▶ _YOUR OBJECTIVE_: Once the line containing "На участке растут" is found in the records below, return it and each following line exactly, up to and including the line containing "12月25日下午,英语180", and nothing else.

▶ _DATA SUPPLIED_:
>>>

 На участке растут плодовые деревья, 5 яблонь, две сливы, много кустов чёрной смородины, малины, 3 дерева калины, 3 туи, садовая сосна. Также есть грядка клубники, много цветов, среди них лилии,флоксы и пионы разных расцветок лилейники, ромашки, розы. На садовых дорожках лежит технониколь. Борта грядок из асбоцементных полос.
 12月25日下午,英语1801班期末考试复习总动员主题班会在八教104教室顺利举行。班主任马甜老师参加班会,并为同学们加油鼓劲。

<<<
>>>

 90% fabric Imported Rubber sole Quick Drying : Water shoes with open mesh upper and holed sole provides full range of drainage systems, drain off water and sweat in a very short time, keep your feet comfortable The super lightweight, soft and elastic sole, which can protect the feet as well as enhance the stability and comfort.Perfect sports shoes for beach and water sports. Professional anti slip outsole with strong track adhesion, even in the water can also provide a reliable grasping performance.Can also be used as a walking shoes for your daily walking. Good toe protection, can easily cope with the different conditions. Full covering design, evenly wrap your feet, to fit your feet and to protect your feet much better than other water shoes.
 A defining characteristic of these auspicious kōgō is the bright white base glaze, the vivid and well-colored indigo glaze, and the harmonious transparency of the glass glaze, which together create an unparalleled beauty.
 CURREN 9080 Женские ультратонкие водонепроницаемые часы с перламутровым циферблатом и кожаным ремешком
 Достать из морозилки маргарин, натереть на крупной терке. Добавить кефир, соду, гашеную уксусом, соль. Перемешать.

<<<
>>>

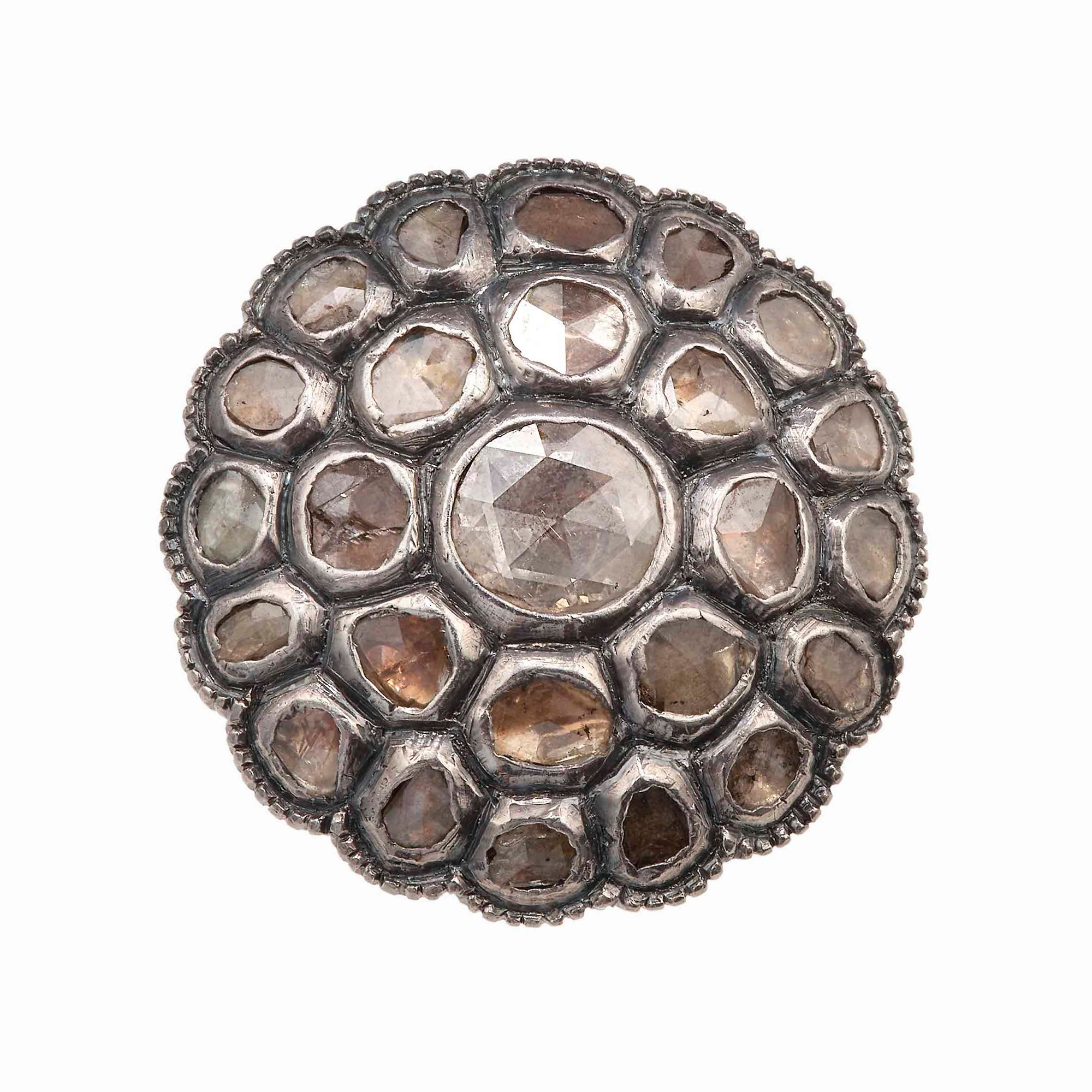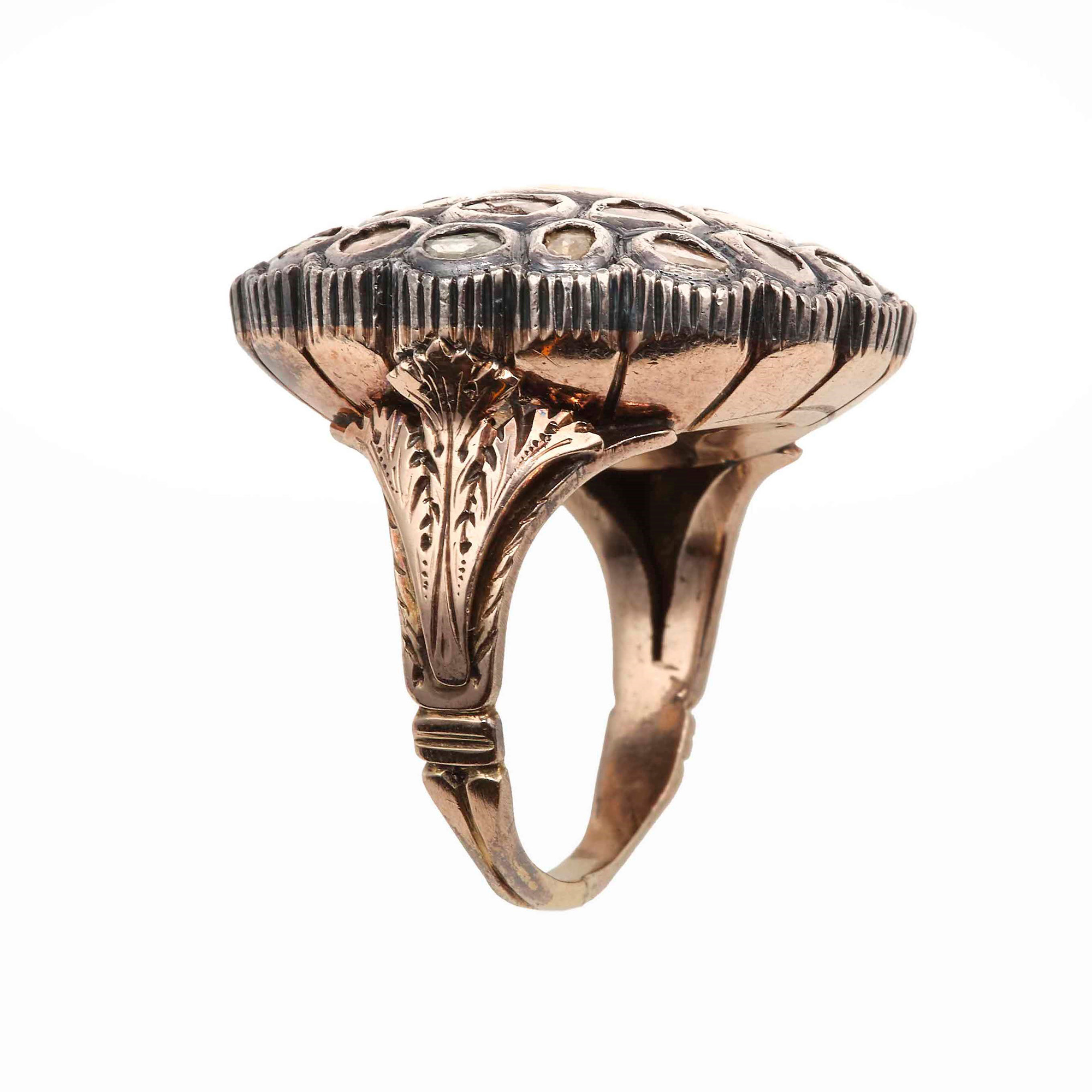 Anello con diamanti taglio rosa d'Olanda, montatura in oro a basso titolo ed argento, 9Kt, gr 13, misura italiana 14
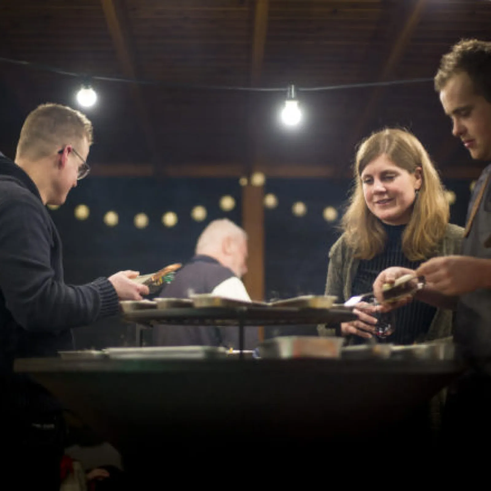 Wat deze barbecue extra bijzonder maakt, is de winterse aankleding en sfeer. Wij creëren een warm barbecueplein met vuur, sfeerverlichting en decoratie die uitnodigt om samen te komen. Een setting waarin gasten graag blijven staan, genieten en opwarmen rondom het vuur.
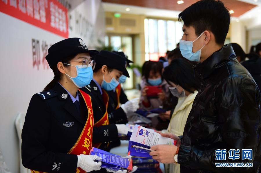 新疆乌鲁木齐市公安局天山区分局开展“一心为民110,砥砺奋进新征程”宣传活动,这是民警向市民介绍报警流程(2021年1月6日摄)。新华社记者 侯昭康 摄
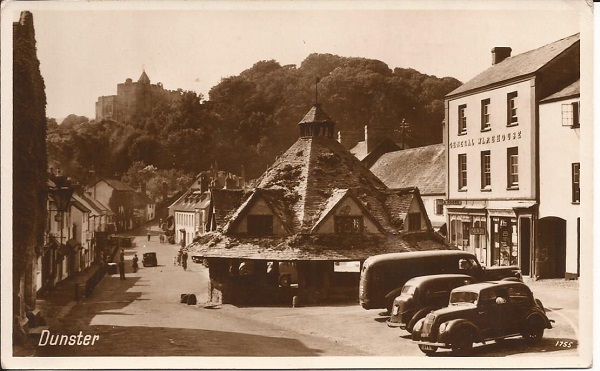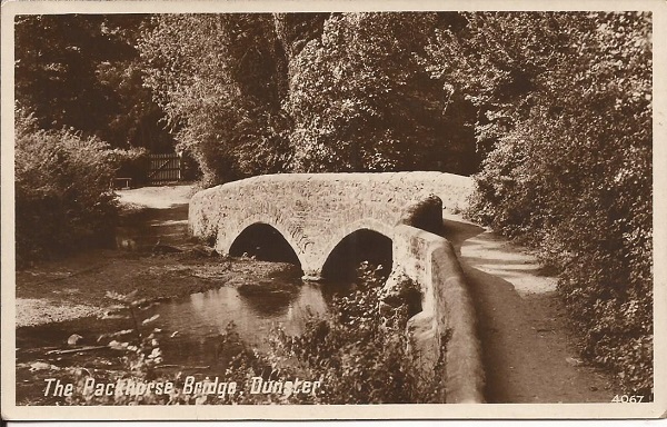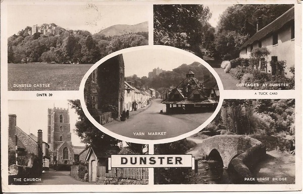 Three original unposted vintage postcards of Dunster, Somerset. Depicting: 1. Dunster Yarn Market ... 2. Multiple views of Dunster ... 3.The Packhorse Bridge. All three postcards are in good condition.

<<<

▶ _TASK RESULT_:
 На участке растут плодовые деревья, 5 яблонь, две сливы, много кустов чёрной смородины, малины, 3 дерева калины, 3 туи, садовая сосна. Также есть грядка клубники, много цветов, среди них лилии,флоксы и пионы разных расцветок лилейники, ромашки, розы. На садовых дорожках лежит технониколь. Борта грядок из асбоцементных полос.
 12月25日下午,英语1801班期末考试复习总动员主题班会在八教104教室顺利举行。班主任马甜老师参加班会,并为同学们加油鼓劲。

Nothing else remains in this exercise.